The library
is a red brick tower
15 stories
tall.
The open
green spaces
Are dotted
with students sunbathing,
Launching
frisbees over heads
Of pink and
blue and orange hair.
Professors
from other eras
Pass to and
fro
Dragging
long purple shadows.
The sun is setting.
The same sun is rising.
Ten years pass.
A young
Chinese man in his pajamas
Charges down
from his dorm
Right into a
huge flock of geese by the pond
Who honk and
flap and flee every which-way
But
eventually they gather in the middle of the pond
Where they
consider their options and fix their feathers.
The young
man laughs and laughs
Resoundingly.
His name is
Tin Sen.
He will
change the world.
""""""""""
Reflection: This happened about 20 years ago.

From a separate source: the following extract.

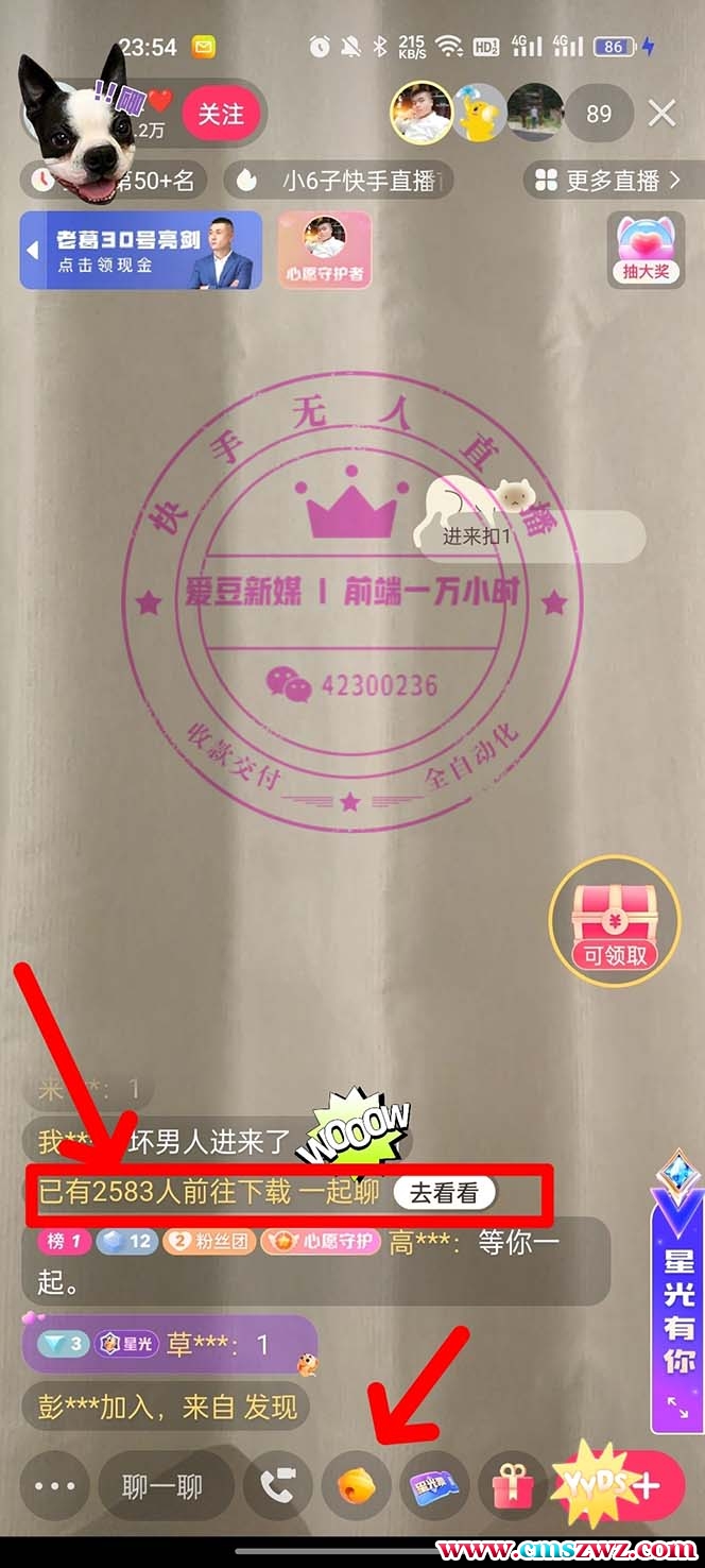 我们 0 粉免费给你开通“磁力聚星”小铃铛后(这个本来是需要“万粉”才能开通,我们有合作,可以 0 粉开通),用我们教的“无人直播”相关方法进行无人直播。

My son and I
were checking out New England colleges. We were at UMass in Amherst. It was
early, about 9. We were walking around a pond on campus, below the library, and
what happened was exactly how I described it. I liked everything about this young
man: how he burst from his dorm in his pajamas, created chaos with the geese
and exploded with laughter. I felt like he was showing me a better way to live.
Now, so many years later, he returns in this poem to help renew the planet. And
his world is not a recycled planet or a wounded, over-crowded, war-ravaged,
struggling planet. His is a world inhabited by people like him who wake up just
in time to make change. Nothing can stop him because he has the will to stir
things up and he knows how to give himself over to joy.